WHAT THE TASK ASKS: With the pictures set aside, write out all of the data exactly as it stands.

INFORMATION SUPPLIED:
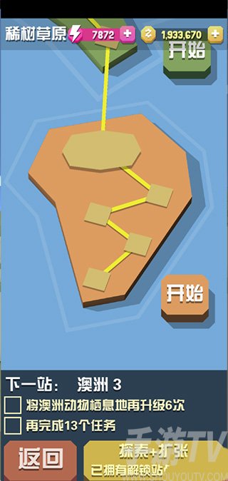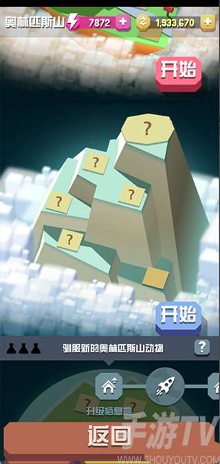 疯狂动物园有很多地图,每一个地图又分为五个关卡,每解锁一个关卡就会多一种动物,每个地图一共有七种动物。玩家有两个动物园,在屏幕左边的图标中有个火箭的标志,点进去玩家可以解锁侏罗纪公园,奥林匹斯山,还有长城等地图,地图风格还有动物都截然一新。
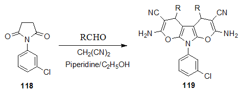 A mixture of N-(3-chlorophenyl) succinimide 118 refluxed with aldehyde in the presence of malononitrile in piperidine/ethanol for 4-5 hrs give azo flurorene 119 (Scheme 34) [47].
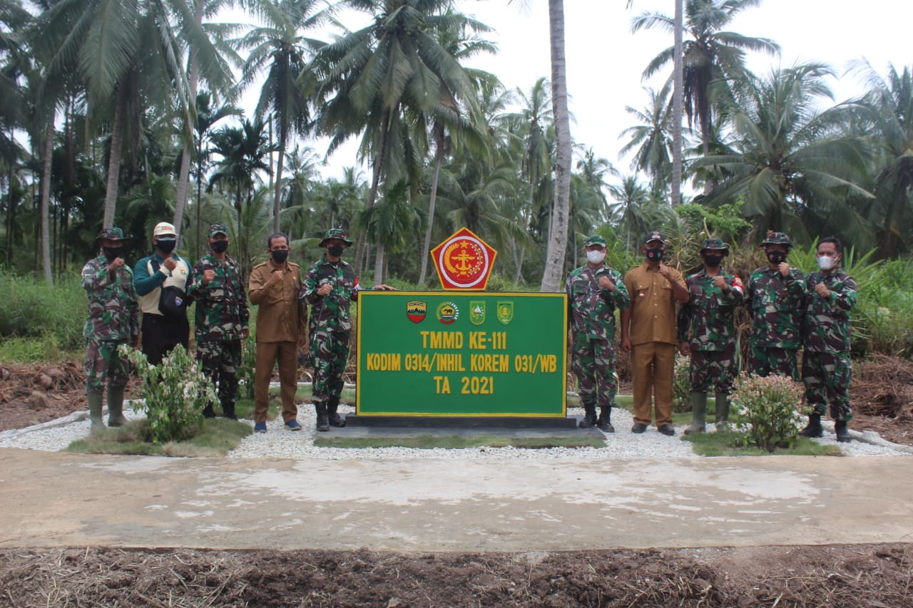 Sesampainya di Posko TMMD Dansatgas langsung mengecek ke dua titik sasaran fisik TMMD yaitu jalan Yakub ll atau jalan terusan dari Desa Teluk Bunian menuju ke kota Kecamatan dan jalan Bukit Barisan yang merupakan jalan penghubung Desa Terusan Beringin Jaya dengan Desa Teluk Bunian. Dimulai dari titik Nol sampai ke titik akhir pembangunan semenisasi jalan.

ANSWER TO THIS TASK:
 疯狂动物园有很多地图,每一个地图又分为五个关卡,每解锁一个关卡就会多一种动物,每个地图一共有七种动物。玩家有两个动物园,在屏幕左边的图标中有个火箭的标志,点进去玩家可以解锁侏罗纪公园,奥林匹斯山,还有长城等地图,地图风格还有动物都截然一新。
 A mixture of N-(3-chlorophenyl) succinimide 118 refluxed with aldehyde in the presence of malononitrile in piperidine/ethanol for 4-5 hrs give azo flurorene 119 (Scheme 34) [47].
 Sesampainya di Posko TMMD Dansatgas langsung mengecek ke dua titik sasaran fisik TMMD yaitu jalan Yakub ll atau jalan terusan dari Desa Teluk Bunian menuju ke kota Kecamatan dan jalan Bukit Barisan yang merupakan jalan penghubung Desa Terusan Beringin Jaya dengan Desa Teluk Bunian. Dimulai dari titik Nol sampai ke titik akhir pembangunan semenisasi jalan.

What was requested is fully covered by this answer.